> **TASK INSTRUCTIONS**
Nothing but the text of the listing, repeated exactly, belongs in the answer; leave the images out.

***** GIVEN DATA

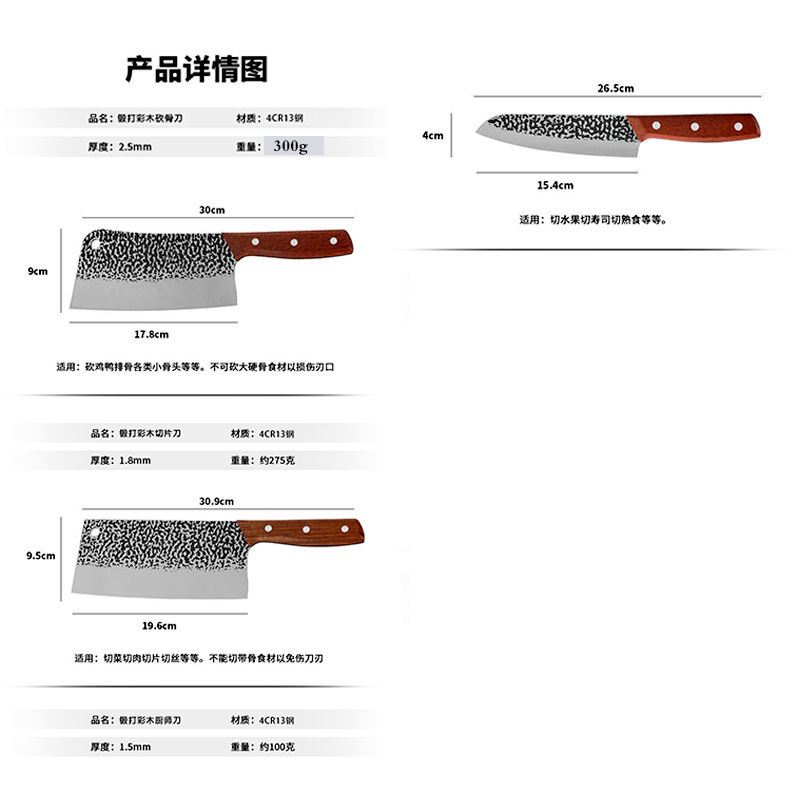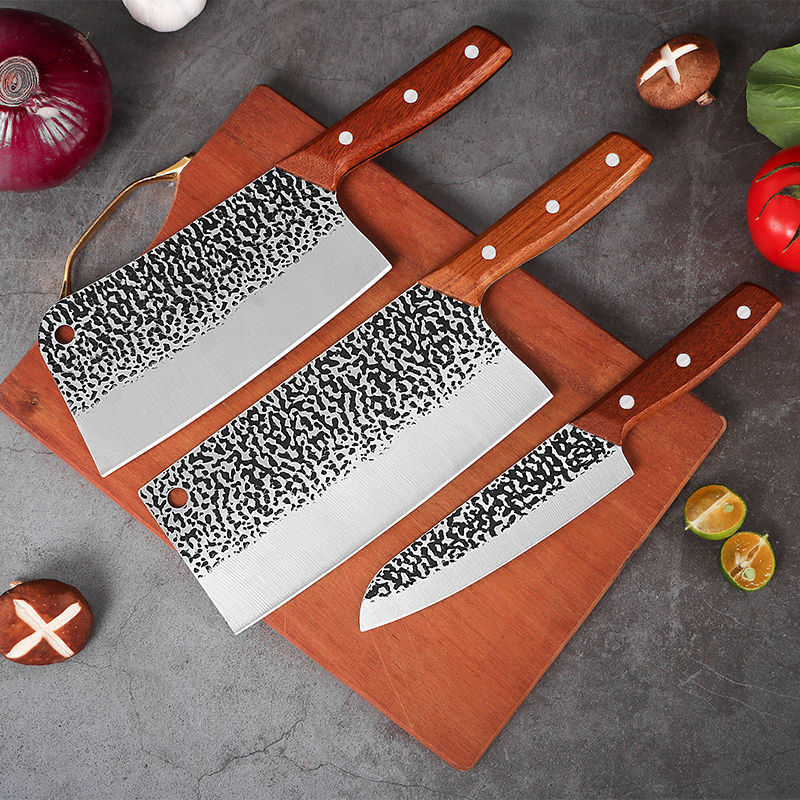 Имитация ручной ковки с рисунком молотка Бытовой кухонный нож Набор из трех предметов Кухонный нож из нержавеющей стали Нож для нарезки мяса Измельчитель Резак костюм
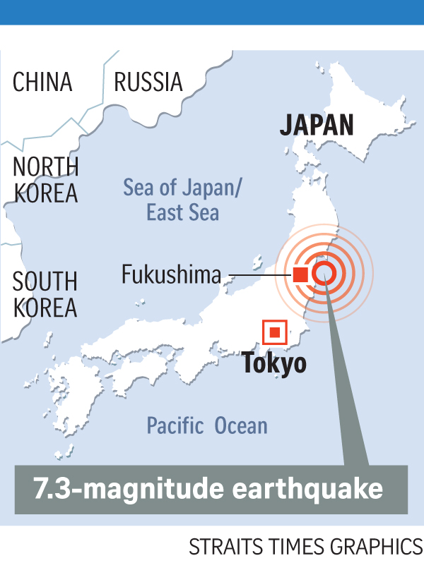The 7.3-magnitude quake had struck at 11.08pm local time (10.08pm Singapore time) on Saturday and cracked walls, shattered windows and set off a landslide in Fukushima, the area closest to the epicentre.
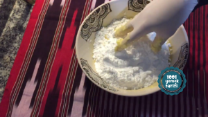 - Kabartma tozu şekerli vanilini ekleyin. Unu kontrollü ekleyerek yoğurun.
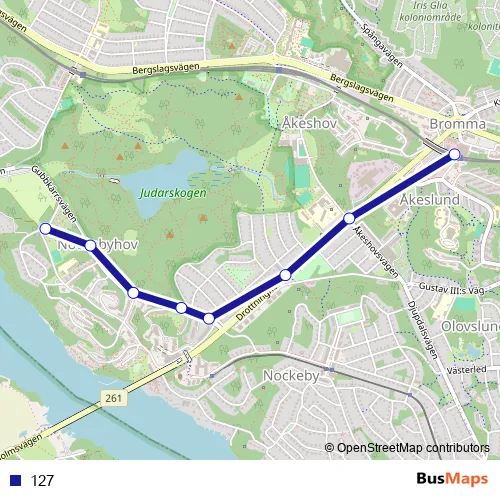 The first stop of the 127 bus route is Nockebyhov and the last stop is Brommaplan T-bana. 127 is operational during everyday.

**********

> **ANSWER TO THE PROBLEM**
 Имитация ручной ковки с рисунком молотка Бытовой кухонный нож Набор из трех предметов Кухонный нож из нержавеющей стали Нож для нарезки мяса Измельчитель Резак костюм
The 7.3-magnitude quake had struck at 11.08pm local time (10.08pm Singapore time) on Saturday and cracked walls, shattered windows and set off a landslide in Fukushima, the area closest to the epicentre.
 - Kabartma tozu şekerli vanilini ekleyin. Unu kontrollü ekleyerek yoğurun.
 The first stop of the 127 bus route is Nockebyhov and the last stop is Brommaplan T-bana. 127 is operational during everyday.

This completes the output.